I don't accept the analogy to socialism, which can't be compared to a 1400 year old established religion. But even there, a very large percentage of Jewish and East European immigrants from about 1900-40 were fervent socialists. Are you sorry you let them in? In the 1930's, German-Americans in very large numbers were attracted to German nationalism and were arguably organized in more threatening ways than anything modern Muslims have done. The Irish-American refusal to let the old country go is legion and has, at times, been outright subversive. And don't forget the whole Catholic Church was considered an implacable opponent of democracy until at least the end of WW1.

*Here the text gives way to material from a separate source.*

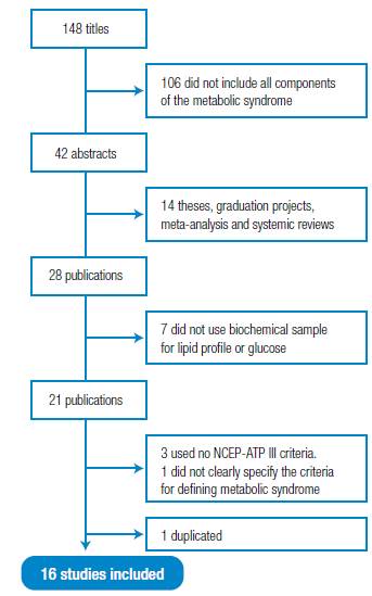 148 titles were identified, of which 120 were discarded since 106 did not include all the components of the MS and 14 were theses, graduation projects, meta-analyses or systemic reviews. Of the 28 pre-selected abstracts, 7 investigations that did not use biochemical tests to define MS were eliminated, as well as 3 that used criteria other than NCEP-ATP III, finally 1 study that did not clearly specify the criteria used to define MS, and 1 duplicated were also excluded. 16 studies met all the criteria for this review. 19-34 Regarding the quality of study reports, all met at least 11 of the 13 criteria assessed (10 met 13, 5 met 12, and 1 met 11). The articles with the lowest scores usually had smaller samples.
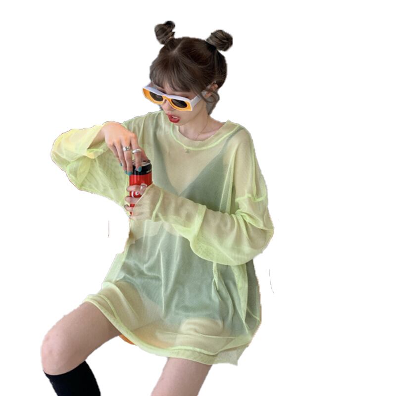 メッシュパースペクティブ薄手の長袖日焼け止めTシャツ女性の2020年夏の新しいルーズホワイト長袖上着トレンド 1号婦人80393889847

I am not as blase about all this as you may think, but there is no way anyone has ever said anything to convince me that violence or religious oppression (as in "kill the infidel") or theocracy or anti-Americanism are "intrinsic" to Islam. If they were, Islam never would have demonstrated the historical resiliency it has, because those are all losing proposition in the long term. And I never heard anyone ever suggest they were until at least the mid-1980's, which makes me wonder where everyone was for the previous 1,380 years. We already have millions of successful Muslim immigrants. This doesn't mean we should be blind and stupid and adopt the New Zealand nun theory of national security, or pretend modern Islam is analagous to the Anglican Church, but it isn't Islamicism. Let's not forget who shopped Zarqawi and why and which journalists broke out in applause at the news.

Posted by: Peter B at June 12, 2006 4:04 PM

Gosh, Peter, if the mark of a "truly menacing creed" is undermining and interfering with the family, then do those Israeli kibbutzes count?

As for socialist immigrants: it's easier for people to outgrow a political ideology than a religion. And Germans and Irish and such never wanted to impose Sharia worldwide. But your fallacy here is to say in effect: "These earlier groups turned out not to be existential threats, therefore no other ethnic/religious group can be an existential threat."

As for Islamic history, for roughly the first 900 out of those 1,400 years, Islam was expanding largely by the sword, and clearly a force for violence and religious oppression. And what percentage of majority-Muslim countries today have religious freedom? If someone or something exhibits a characteristic 2/3rds of the time or more, it's not unreasonable to call it "intrinsic."